To move or not to move: Cost optimization in a dual cloud-based storage architecture

https://doi.org/10.1016/j.jnca.2016.08.029Get rights and content

Abstract

IT enterprises have recently witnessed a dramatic increase in data volume and faced with challenges of storing and retrieving their data. Thanks to the fact that cloud infrastructures offer storage and network resources in several geographically dispersed data centers (DCs), data can be stored and shared in scalable and highly available manner with little or no capital investment. Due to diversity of pricing options and variety of storage and network resources offered by cloud providers, enterprises encounter nontrivial choice of what combination of storage options should be used in order to minimize the monetary cost of managing data in large volumes. To minimize the cost of data storage management in the cloud, we propose two data object placement algorithms, one optimal and another near optimal, that minimize residential (i.e., storage, data access operations), delay, and potential migration costs in a dual cloud-based storage architecture (i.e., the combination of a temporal and a backup DC). We evaluate our algorithms using real-world traces from Twitter. Results confirm the importance and effectiveness of the proposed algorithms and highlight the benefits of leveraging pricing differences and data migration across cloud storage providers (CSPs).

Introduction

Data volume is one of the important characteristics of cloud-based application (e.g., Online Social Network) and has been changed from TB to PB with an inevitable move to ZB in current IT enterprises. From statistical perspective, 8 × 105 PB of data were stored in the world by the year of 2000 and it is expected that this number will increase to 35 ZB by 2020 (Yu et al., 2015). Storing and retrieving such data volume demand a highly available, scalable, and cost-efficient infrastructure.

Thanks to the cloud infrastructures, management of such large volume data has been simplified and the need for capital investment has been removed from IT companies. However, this creates a major concern for these companies regarding the cost of data management in the cloud. The cost of data storage management (simply, cost of data management) is a vital factor from companies’ perspective since it is the essential driver behind the migration to the cloud. Thus, companies are in favor of optimizing data management cost in the cloud deployments. In order to optimize data management cost, choosing a suitable storage option across CSPs in the right time becomes a nontrivial task. This happens due to the two following reasons.

First, there is an array of pricing options for the variety of storage and network services across CSPs (e.g., Amazon, Google, and Microsoft Azure). CSPs currently offer at least two classes of storage service: Standard Storage (SS) and Reduced Redundancy Storage (RRS). RRS enables users to reduce cost at the expenses of lower levels of redundancy (i.e., less reliability and availability) as compared to SS. These services provide users with API to Get (read) data from storage and to Put (write) data into it. In mid-2015, Amazon and Google respectively introduced Infrequent Access Storage (IAS) and Nearline storage services that aims at hosting objects with infrequent Gets/Puts.

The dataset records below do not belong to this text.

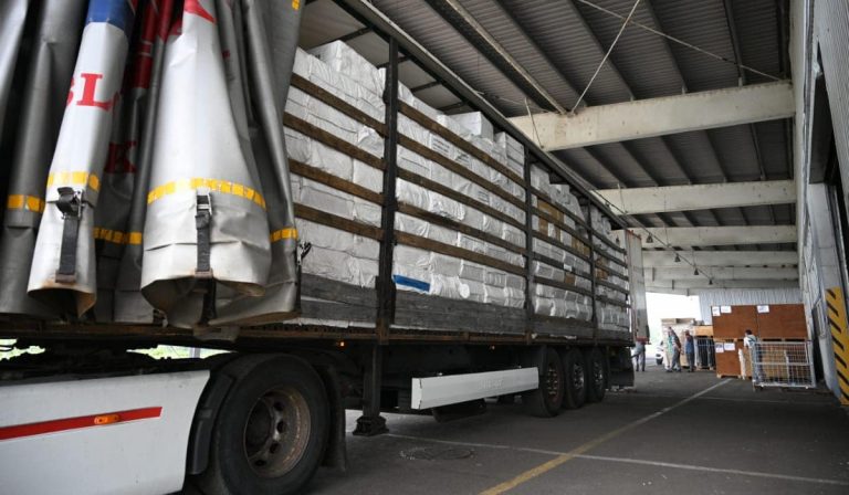 A rakomány gyógyszereket és orvosi felszereléseket tartalmaz.
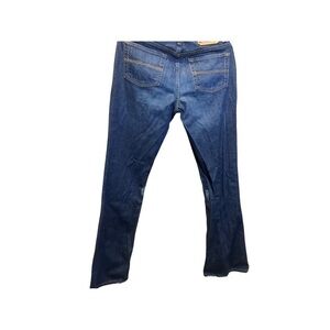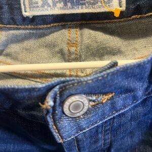 These Express Riot Siren jeans feature a flattering precision fit in a classic bootcut style. Made of 100% cotton for a structured, vintage feel. Medium blue wash with light fading and whiskering. Size 8L. Small wear spot on the lower leg shown in photos—priced accordingly.
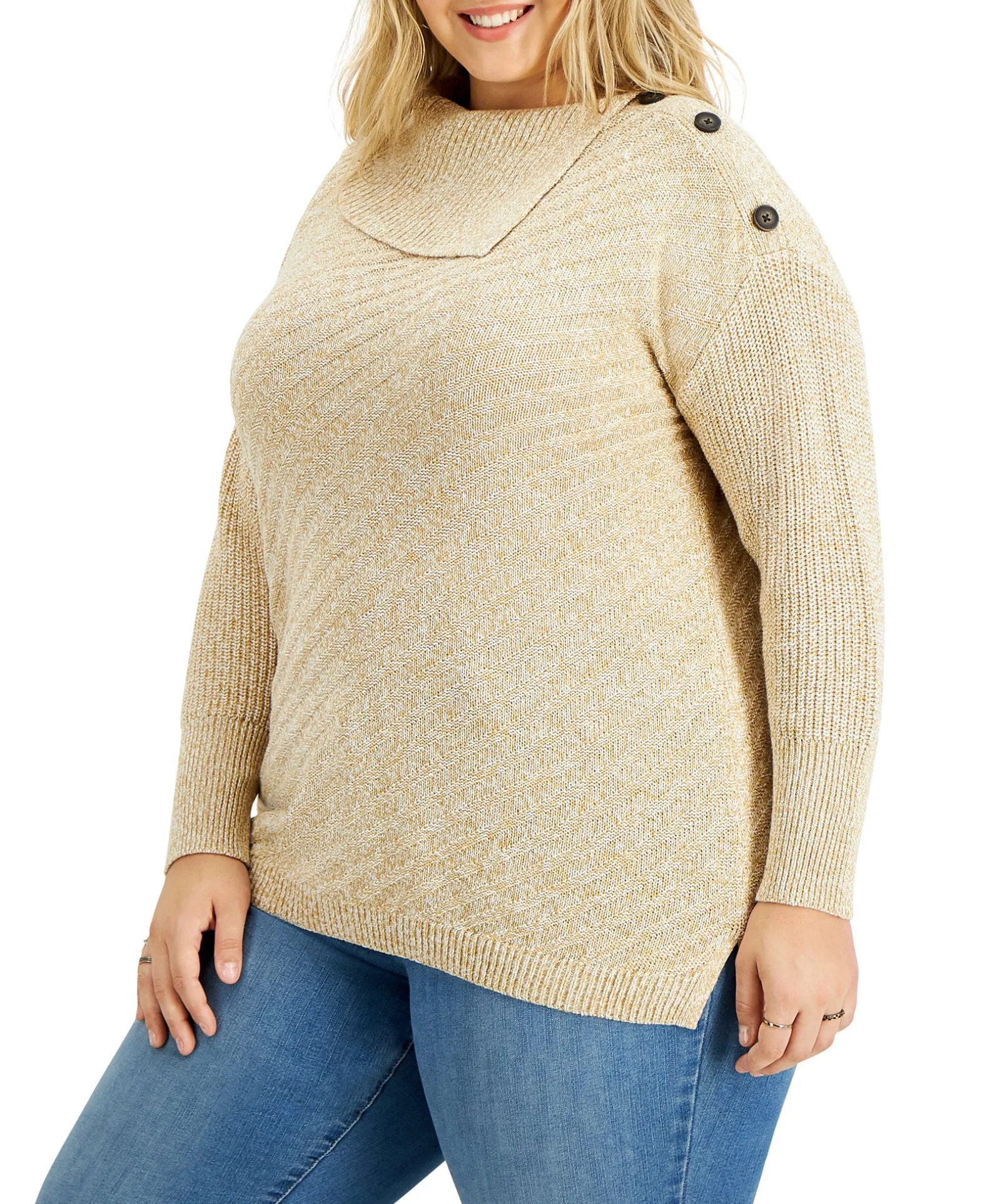 The Effortless Tunic Shape Of This Style & Co Plus Size Sweater Is Updated With A Split Envelope Neckline And Button Trim.

Both services charge lower storage cost in comparison to their corresponding RRS but higher cost for Gets and Puts.

Furthermore, CSPs charge users with different out-network costs to read data from a DC to the Internet (typically in-network data transfer is free). They also offer discounts for data transfer between their DCs. For example, Amazon reduces out-network cost when data is transferred across its DCs in different regions and Google offers free of charge data exchange between its DCs in the same region. Thus, taking the advantage of diversification in price of storage and network (as well as service type) plays an important factor in residential cost (i.e., Storage and data access operations) as a major part of the data management cost. Note that data access operations are Get and Put in this paper.

Second, there is time-varying workload on the object stored in the cloud. Presume that an object is a tweet/photo and it is posted on the user's feed (e.g., timeline in Facebook) by herself or her friends. Gets and Puts are usually high in the early lifetime of the object and we say that such object is in hot-spot status. As time passes, Gets and Puts are reduced and we refer that the object is in cold-spot status. Thus, it is cost-efficient to store the object in a DC with lower out-network cost (referred as a temporal DC) in its early lifetime, and then migrate it to the DC with lower cost in storage (referred as a backup DC). If the object migration happens between a temporal DC and a backup DC, the user incurs migration cost. This cost is another part of the data management cost, which is affected by the number of Gets, Puts, and the object size. It is important to note that the migration cost might be zero in some cases: (i) if both DCs belong to the same provider and are in the same region, then transferring objects between DCs is free, as in Google provider, and (ii) if temporal and backup DCs are the same and the object is just moved from a storage class to another (i.e., from SS to IAS) within the same DC.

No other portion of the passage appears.